World sports, live entertainment and international travel ground to a halt as fans, audiences and tourists were forced to stay at home, kept inside by strict measures imposed to curb the virus spread. Drastic controls that put half of humanity under some form of lockdown by April at first slowed its pace, but since restrictions were eased cases have soared again.
Mexico will take 2 yrs to release definitive toll
Mexico's Assistant Health Secretary Hugo López-Gatell on Sunday said definitive data on the country's death toll from COVID-19 won't be available for "a couple of years." Mexico's current death toll is at 76,430, the fourth-highest in the world.
"When will the final statistics on deaths from COVID-19 be ready? Certainly, a couple of years after the first year of the pandemic," López-Gatell said, adding that work would be left to the country's statistics institute. Mexico does very little testing, and many people die without a test. But the Mexican government has avoided adjusting its death toll upward to account for people who died at home or weren't tested.
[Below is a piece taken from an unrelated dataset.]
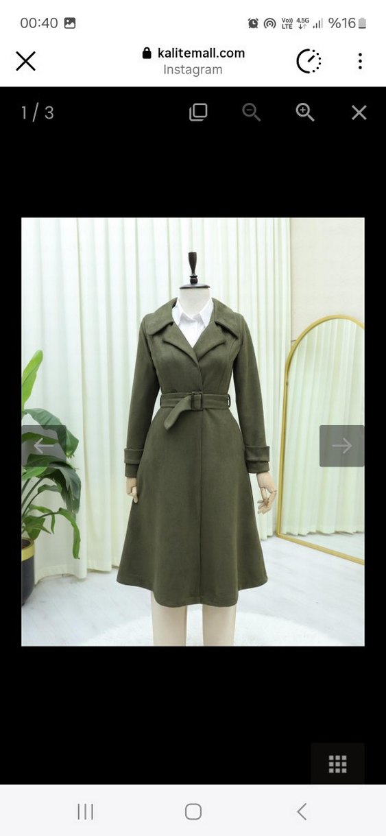 Haki renkli uzun trençkot, modern klasik görünüm için kemerli ve kesimli yakaya sahiptir. Uzun kollu, rahat kesim ve yumuşak, sıcak kumaştan üretilmiştir. Minimalist ve şık tasarım.

Some cities have begun conducting their own recalculations, finding "excess deaths" likely caused by coronavirus were at least double official figures.
Victoria records fewest new cases in three months
Australia's coronavirus hot spot Victoria state has recorded its lowest number of new infections in over three months as the nation's second-largest city, Melbourne, further eases lockdown curbs. Melbourne will allow most children to return to school from mid-October and send over 1,25,000 people back to work. Victoria Premier Daniel Andrews said only five new cases were recorded in the latest 24-hour period, the lowest case number since June 12.